24 The applicant contended that the Tribunal misunderstood the evidence of Professor Freeman and that, at [11.3] of his report, he did in fact make recommendations as to future treatment, in particular for the applicant’s methamphetamine dependency disorder.
25 The Minister, noting that [11.3] was directed to the risks of recidivism, submitted that Professor Freeman made no recommendations for future treatment. According to the Minister, the community based relapse prevention interventions and other steps “encouraged” by Professor Freeman were not “indicative of treatment in any sense”. The Minister submitted that [11.3] of Professor Freeman’s report and the Tribunal’s statements at [244] need to be understood also in the context of the cross-examination of Professor Freeman at [11.3]. The following evidence was given in cross-examination:
That’s all right. In paragraph 11.3 you said that he will need to be vigilant of relapse for an extended period of time as methamphetamine dependency is usually chronic and requires lasting after care; are you able to say generally how long someone needs to remain vigilant for seemingly to avoid relapse?---Look, that’s a very different - (1) to be able to predict the likelihood of violence in the future with somebody is quite challenging; (2) to be able to determine how long somebody needs to be vigilant for is even more difficult but to err on the side of caution they need to be vigilant indefinitely. They need to be aware of high risk situations, high risk negative peer support group, yes, because historically methamphetamine dependency is a dependency which some people can relapse back into so it would need to be vigilant into the foreseeable future which I would imagine would, yes, an extended period of time. He certainly wouldn’t want to be associating with this past drug support network or anything like that.
Thank you. You’ve said that he should be encouraged to engage in community-based relapse prevention services such as DrugARM; is it the case that if he does not engage in a service like that his risk of relapse would increase?---That’s a good question and it’s a difficult question to answer conclusively. On the one hand does the applicant have an appropriate level of insight and self-awareness to development a relapse prevention plan where void using in the future? Probably.
Would the relapse skills be solidified or strengthened if he did engage in some complimentary monitoring over a period of time? It couldn’t certainly couldn’t hurt. You know, I’m not suggesting that that needs to go on for years and years and years but particularly in a high risk where he’s exposed to emotional stressors. You know, getting out of custody, getting your life back together, getting lifestyle stability. It might prove to be a protective factor if he went and spoke to somebody and reinforced his skills, yes.
Consideration
26 Paragraph 11.3 of Professor Freeman’s report is primarily directed to the risk of recidivism. The risk of recidivism was related to relapse in drug use. Professor Freeman made reference to the applicant “need[ing] to be vigilant of relapse” of his methamphetamine dependency and stated that methamphetamine dependence is “usually chronic” and “requires lasting aftercare eg, treatment, support and monitoring”. Professor Freeman was making at least two points in [11.3] of his report, only the first of which was the subject of cross-examination:
(1) First, the risks of recidivism and of relapse into methamphetamine dependency would be mitigated by engaging in community-based relapse prevention interventions, developing a secure support network, avoiding drug associates and the applicant managing his mood. These were apparently examples of things which fell within what Professor Freeman had referred to in [11.3] as “treatment, support and monitoring”.
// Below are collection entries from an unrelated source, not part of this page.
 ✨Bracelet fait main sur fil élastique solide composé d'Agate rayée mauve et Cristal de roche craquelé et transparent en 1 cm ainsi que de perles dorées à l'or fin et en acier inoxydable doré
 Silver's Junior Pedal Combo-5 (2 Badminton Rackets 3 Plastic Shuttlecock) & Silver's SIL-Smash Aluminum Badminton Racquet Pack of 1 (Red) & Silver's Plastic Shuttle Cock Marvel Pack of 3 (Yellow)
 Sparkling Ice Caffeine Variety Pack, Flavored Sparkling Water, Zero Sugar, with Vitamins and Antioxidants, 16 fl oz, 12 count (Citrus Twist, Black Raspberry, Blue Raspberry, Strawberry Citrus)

(2) Secondly, in regard to his mood, Professor Freeman stated that the applicant “could benefit from remaining under the care of a medical practitioner to treat his depression and provide referrals (if needed)”.
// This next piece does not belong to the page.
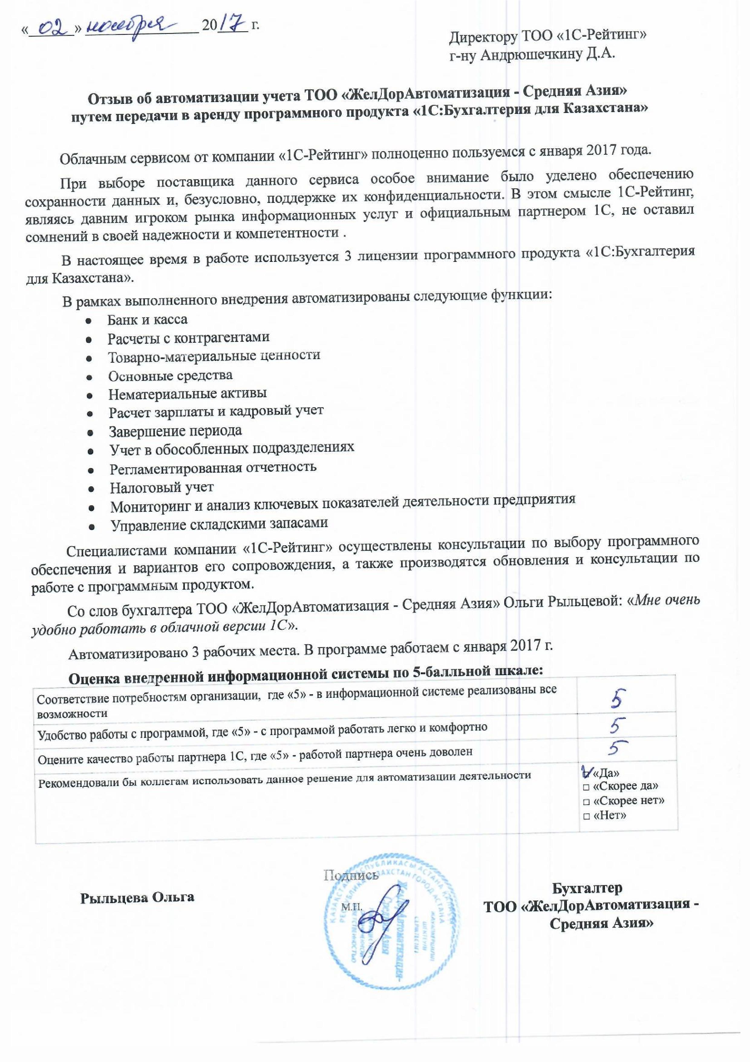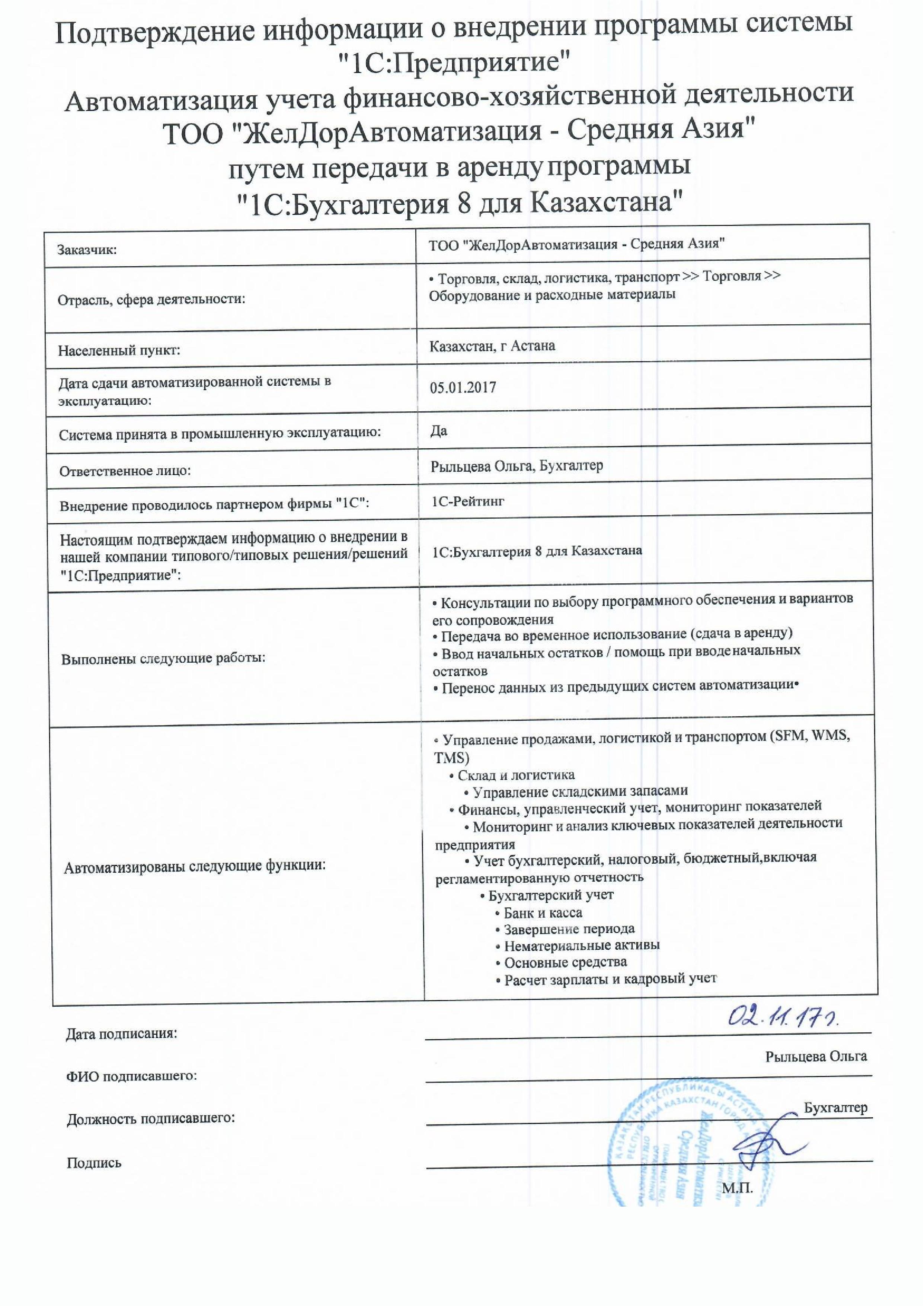 Автоматизация учета финансово-хозяйственной деятельности ТОО «ЖелДорАвтоматизация - Средняя Азия» путем передачи в аренду программы «1С:Бухгалтерия для Казахстана»

27 Although not free from doubt, I read the Tribunal’s comment at [244] that no treatment was recommended by Professor Freeman as indicating that Professor Freeman did not make any specific recommendation for medical treatment of the conditions he had identified at [8.2] as opposed to more generalised recommendations for management or “treatment, support and monitoring” of his methamphetamine dependency disorder. I do not infer that the Tribunal misunderstood what Professor Freeman had said, as opposed to overlooking or failing sufficiently to consider all of what Professor Freeman had said when directing itself to the requirements of paragraph 14.5 of Direction 79. For reasons given below in relation to Grounds 2 and 3, I infer from [244], read with the whole of the reasoning in relation to the “extent of impediments” from [242] to [249], that the Tribunal failed to take into account the applicant’s depression and mental health and the more generalised recommendations made by Professor Freeman sufficiently to comply with paragraphs 14.1(e) and 14.5(1) of Direction 79. I note that, when addressing the applicant’s risk of recidivism at [143], the Tribunal set out [11.3] of Professor Freeman’s report.
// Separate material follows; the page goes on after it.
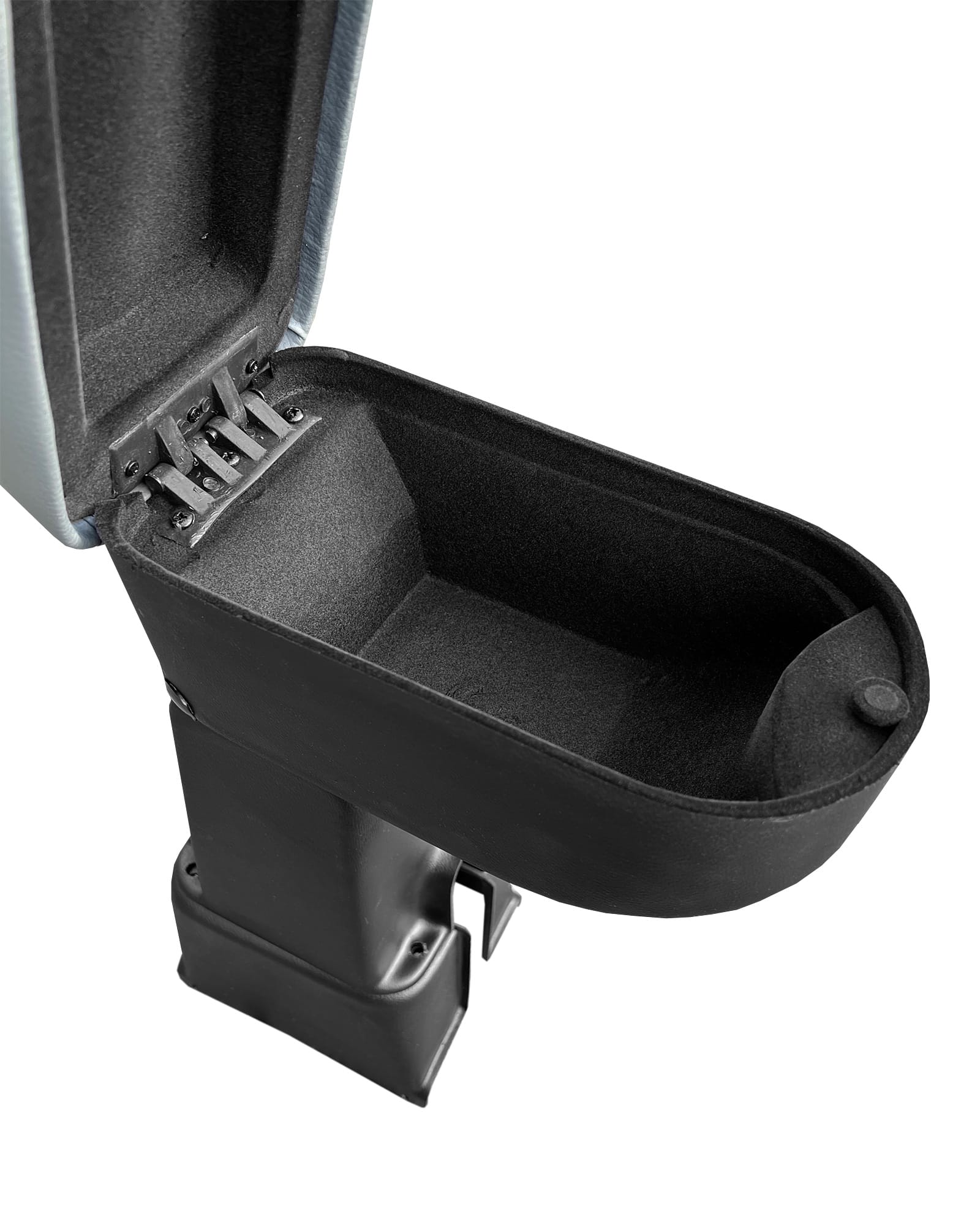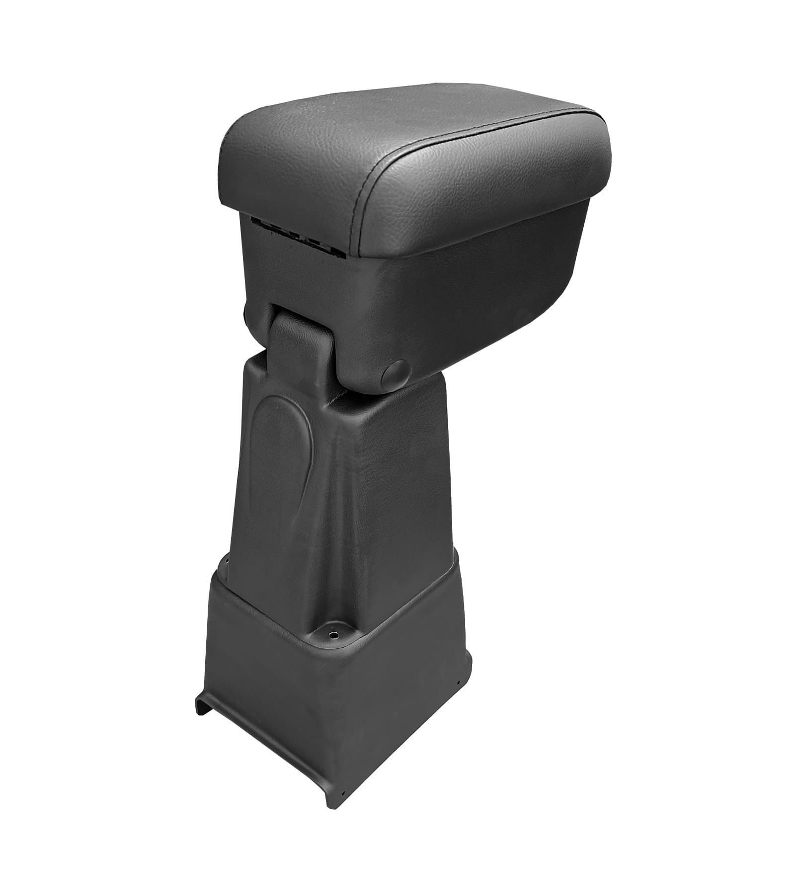 Podłokietnik ze stałym oparciem do samochodu RENAULT SCENIC I, prod. od 1997>, wykonany jest z czarnego perforowanego tworzywa ABS, posiada oparcie obszyte czarną wytrzymałą na ścieranie skórą syntetyczną oraz praktyczny otwierany schowek, wykończony czarnym, miękkim flokiem. Podłokietniki występują z adapterem montażowym  2 elementowym, który można odchylić do pionu.

28 The doubt referred to in the previous paragraphs arises because:
(a) Professor Freeman’s recommendations about “complementary community-based relapse prevention interventions” might be referred to as “treatment” and appear to be encompassed in what Professor Freeman called “treatment, support and monitoring”; and
(b) Professor Freeman had:
• acknowledged at [7.1] that the applicant was prescribed anti-depressant medication;
• acknowledged at [11.3] that the applicant had depression;
• made no suggestion that the prescribing of anti-depressant medication was inappropriate; and
• considered that the applicant “could benefit from remaining under the care of a medical practitioner to treat his depression and provide referrals (if needed).”
29 Notwithstanding the doubt, on balance Ground 1 is not made out.
GROUND 2
30 By ground 2 of the application, the applicant contended that:
(a) the Tribunal did not have regard to the applicant’s depression when considering the “extent of impediments” if the applicant were to be removed from Australia; and
(b) as a result, the Tribunal constructively failed to exercise its jurisdiction by failing lawfully to consider a mandatory consideration.
31 Ground 2 was:
2. There was a constructive failure to exercise jurisdiction.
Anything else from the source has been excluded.